Il progetto è stato ideato partendo dal know-how dell’esperienza personale compiuta in Sardegna, dove per molti versi è in atto una situazione del tutto simile e dove si sono sperimentati con successo percorsi analoghi, unito alla conoscenza del contesto marocchino dell’architetto Milli Paglieri, da tempo impegnata con successo in un progetto che mette insieme design italiano e saper fare marocchino.

 

Si è quindi elaborata una collezione di tappeti improntati secondo uno schema progettuale modulare, che comprendesse in uno solo dei moduli i disegni tradizionali. Ogni tappeto risulta quindi composto da tre moduli di eguale forma e dimensione, interscambiabili, di cui due in tinta unita e uno “disegnato”. Una volta impostata la struttura generale del lavoro, è stata affidata grande rilevanza alle competenze professionali delle donne; per ottimizzare la resa del prodotto si sono poi valorizzati tutti quegli elementi che concorrono a creare un manufatto tessile di qualità, scegliendo di utilizzare esclusivamente la migliore lana naturale, lavorando i filati completamente a mano e tingendoli con pigmenti naturali. L’utilizzo di questo tipo di filati ha riattivato anche i saperi della filiera del tessile, oggi accantonati a causa della facilità di reperire le materie prime già pronte sul mercato, a scapito però della qualità.

 

Il progetto si è sviluppato per gradi, attraverso la realizzazione di una considerevole serie di campionature, prima in tinta unita e poi “disegnate”, dalla cui analisi e valutazione si è arrivati all’elaborazione della collezione. La condivisione del processo creativo con le donne ha richiesto del tempo.
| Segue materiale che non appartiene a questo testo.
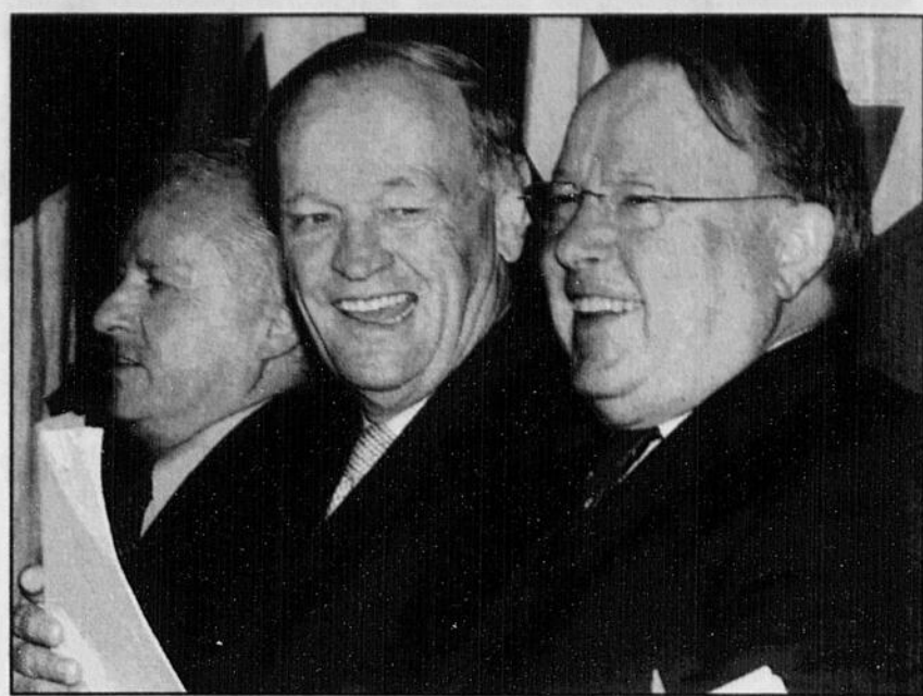
Les premiers ministres Jean Chrétien et Bernard Landry étaient tout sourire, hier, à l'annonce de l'élargissement de la 175 qui mène de Québec au Saguenay.

Si è dovuto vincere l’atteggiamento che le vede spesso passive durante la fase progettuale, rendendole vivamente partecipi delle scelte fatte ed evidenziando la loro centralità nel progetto.

 

Alla fine del percorso l’impegno e la determinazione che le artigiane hanno dimostrato nel voler riuscire a rispettare le indicazioni progettuali e i tempi di consegna hanno dato un senso al nostro agire. L’orgoglio con il quale guardano i nuovi lavori e l’evidente sentimento di “appartenenza” che riconoscono anche a queste nuove produzioni è la confortante risposta a tante domande.

 

Hanno partecipato al workshop sulla tessitura a Boujaad, nella regione di Chaouia Ouardigha: Direzione Generale della Presidenza Regione Sardegna, Cooperativa Femmes de Nouasser, Associazione Béni Zemmour-Boujaad, ICS Piemonte, Associazione Soleterre Strategie di Pace-Marocco.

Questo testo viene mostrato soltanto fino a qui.